Over the years, we’ve had to develop a lot of technology to support the business of Danni’s Hard Drive — streaming video technology, hosting technologies, credit card scrubbing technologies, processing, customer service. And all of these things are now working so well that they have value to other companies, and we’re beginning to market those technologies to other companies. And that’s actually the largest area of growth in our business right now.

- DANNI ASHE - FRONTLINE PBS

And from her Director of Marketing:

She has an enormous amount to offer the business community in terms of the technologies that she’s built the adult company on. One really interesting comparison is the medical imaging business – that is exactly the business that Dann[i] has built to provide people in France and Australia and Japan with pictures of naked models. That technology could be used, entirely unchanged, to deliver pictures of brain scans and CAT scans to doctors worldwide.

And that’s an enormously profitable business and something that’s really valid. People are beginning to see those affinities.

And the systems that have been built for processing credit cards are among the best in the industry, if not the best in the industry. … There are lots of mainstream companies who’d make more money if they processed using the technologies that Danni’s built than trying to build their own.

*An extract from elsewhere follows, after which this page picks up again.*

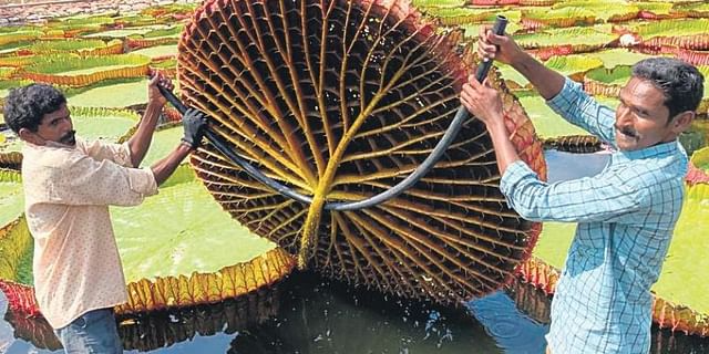 Kỳ lạ loài sen vua có lá to như chiếc thuyền thúng, chở được người

- SAM AGBOOLA - FRONTLINE PBS
EXIT

In 2004, Ashe sold Danni’s Hard Drive and retired from the adult entertainment scene, bringing to an end one of the early success stories on the internet. From humble beginnings of learning HTML in order to create the first site herself, Danni’s Hard Drive became the #1 adult site on the internet.

Ashe’s success with Danni’s Hard Drive could be summarised as:

Danni Ashe started as a stripper and knew the industry, but the success of Danni’s Hard Drive didn’t revolve around the fact that the subject was adult entertainment. Adult sites were abundant but few came close hers. Ashe created value in a unique experience, maintained it by developing her product and keeping it at the head of the game, and was rewarded with a solid customer base.

TALKING POINT

It doesn’t matter what it is you do, once you start charging money for something you’re in business and the mutual relationship that exists between business and customer does so regardless of industry. Business practices are the unsexy part of the equation that didn’t get much attention while you were daydreaming of world domination, but it’s the part that proves decisive.